(WORK INSTRUCTION):
Your copy should match the records below exactly, except for the pictures.

(DATASET ENTRIES):
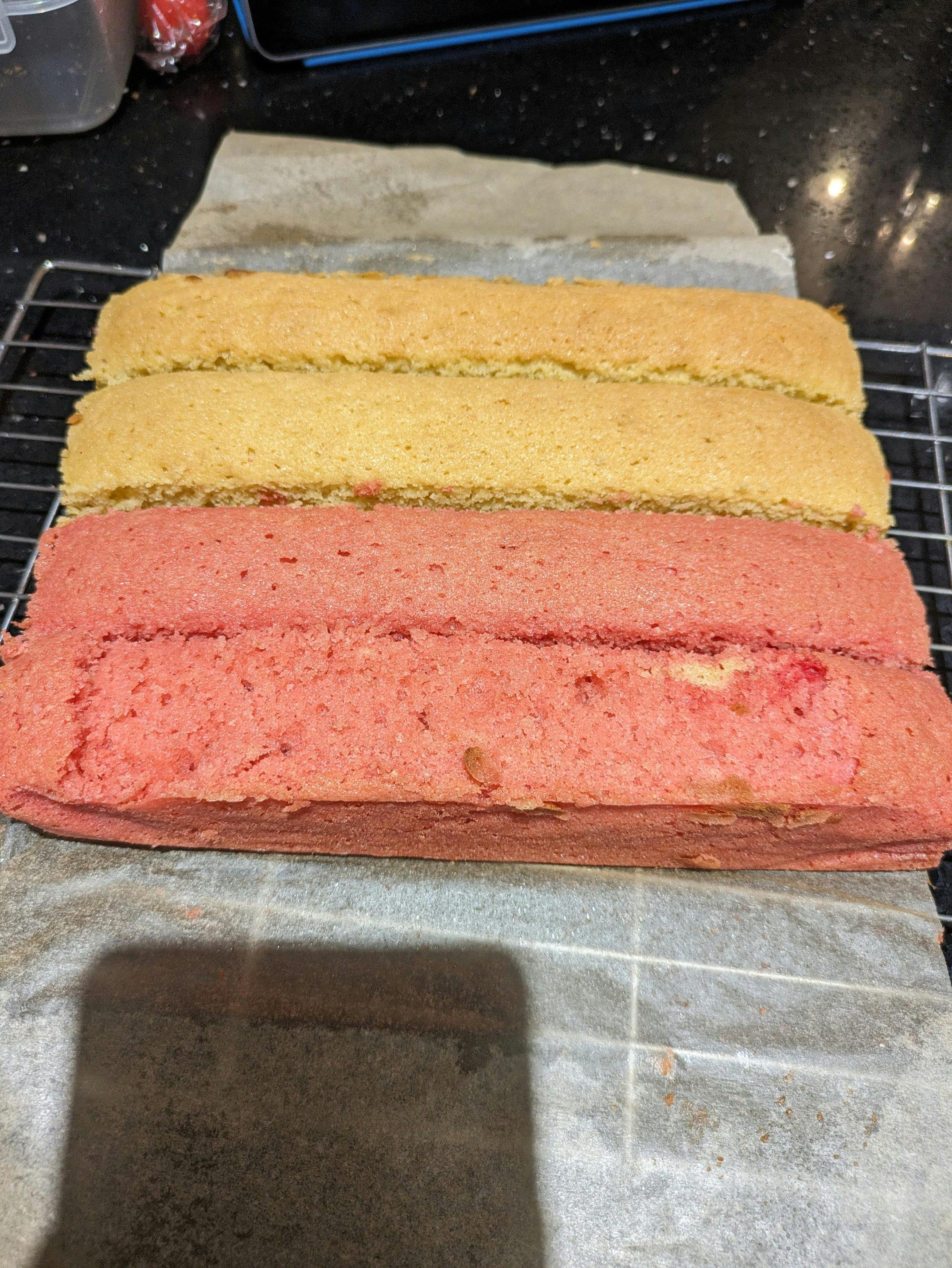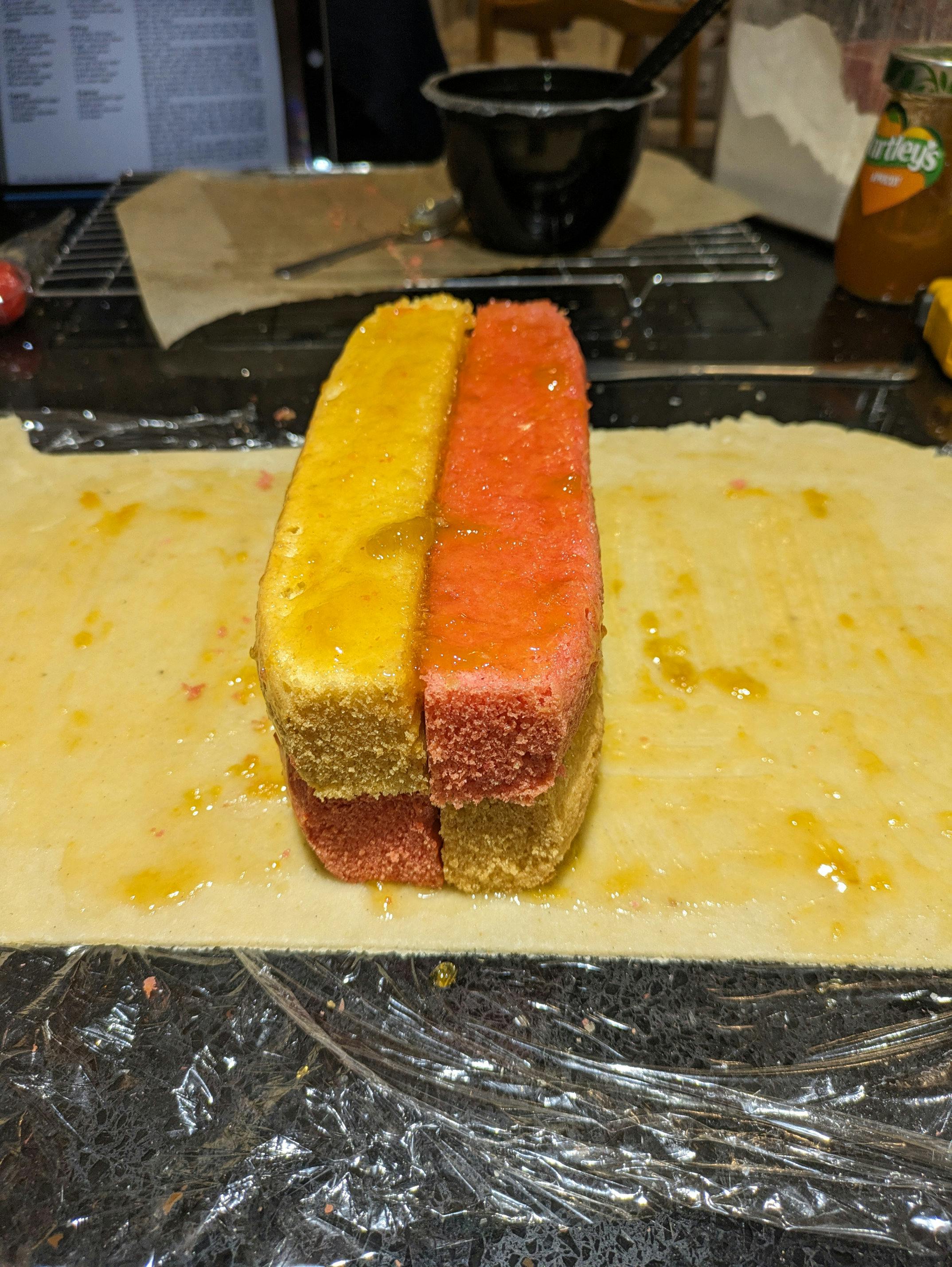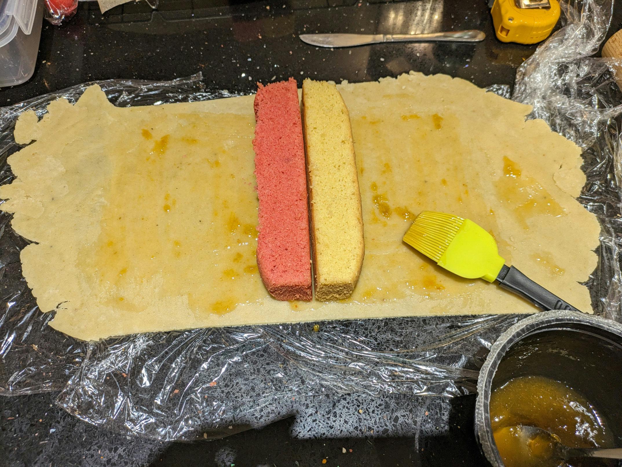 Brush apricot jam between a pink and non-coloured cake section and place in the middle of the marzipan
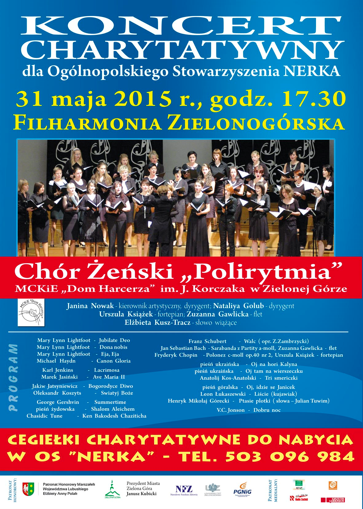 Na prośbę Prezes Ogólnopolskiego Stowarzyszenia "Nerka" z Zielonej Góry Pani prof. Bogumiły Burdy serdecznie zapraszamy wszystkich na Koncert Charytatywny na rzecz stowarzyszenia, który odbędzie się w niedzielę 31 maja 2015r. w Filharmonii Zielonogórskiej .
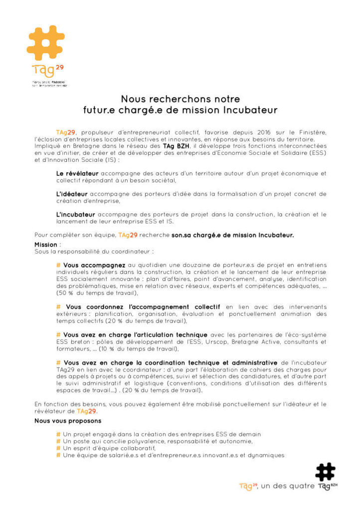 Le TAg29 recherche son.sa futur.e collaborateur.rice !
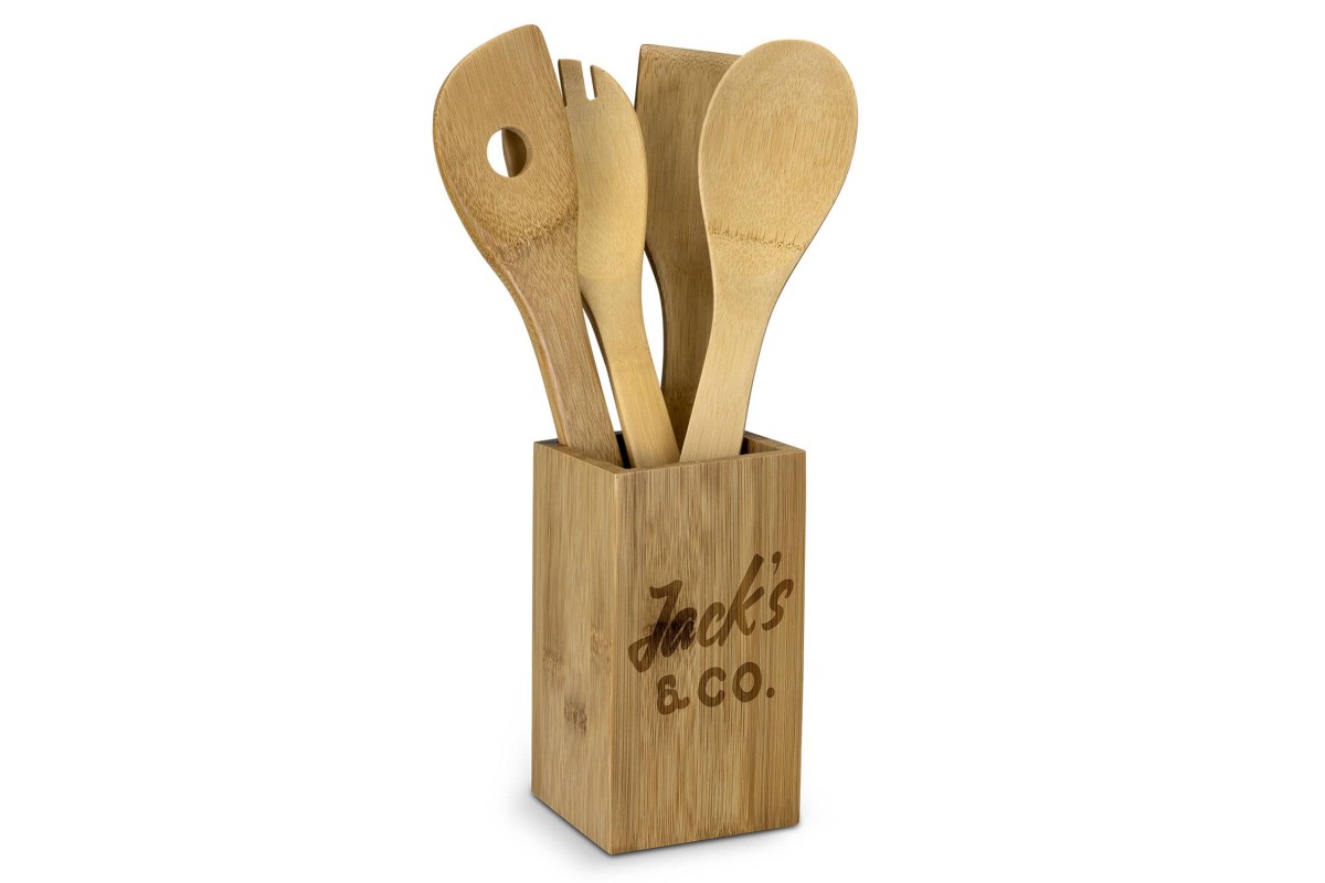 * Stylish bamboo kitchen utensils set
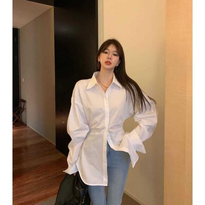 Unlike fitted shirts that hug the body and accentuate curves, the oversized shirt gives a cute, relaxed vibe while also helping to conceal any imperfections. Pair it with shorts or jeans for a comfortable, breezy look—especially perfect for hot summer days.
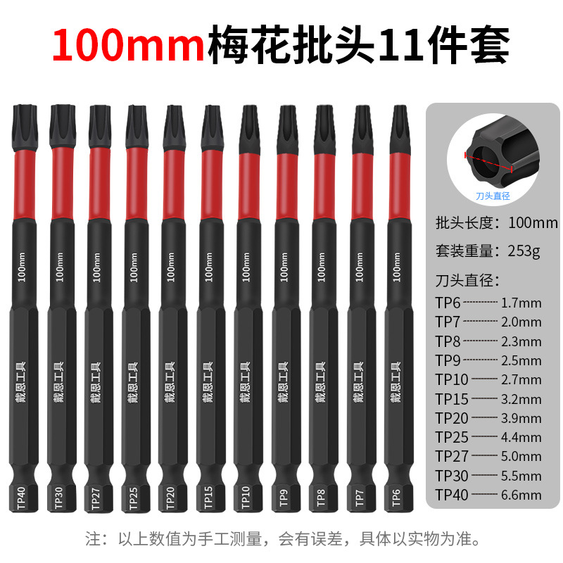 강한 자기 매화 구멍 미터와 바람 머리 중공 육각 T25 전기 드라이버 손 전기 드릴 부리 세트스토어 가기

(TASK OUTPUT):
 Brush apricot jam between a pink and non-coloured cake section and place in the middle of the marzipan
 Na prośbę Prezes Ogólnopolskiego Stowarzyszenia "Nerka" z Zielonej Góry Pani prof. Bogumiły Burdy serdecznie zapraszamy wszystkich na Koncert Charytatywny na rzecz stowarzyszenia, który odbędzie się w niedzielę 31 maja 2015r. w Filharmonii Zielonogórskiej .
 Le TAg29 recherche son.sa futur.e collaborateur.rice !
 * Stylish bamboo kitchen utensils set
 Unlike fitted shirts that hug the body and accentuate curves, the oversized shirt gives a cute, relaxed vibe while also helping to conceal any imperfections. Pair it with shorts or jeans for a comfortable, breezy look—especially perfect for hot summer days.
 강한 자기 매화 구멍 미터와 바람 머리 중공 육각 T25 전기 드라이버 손 전기 드릴 부리 세트스토어 가기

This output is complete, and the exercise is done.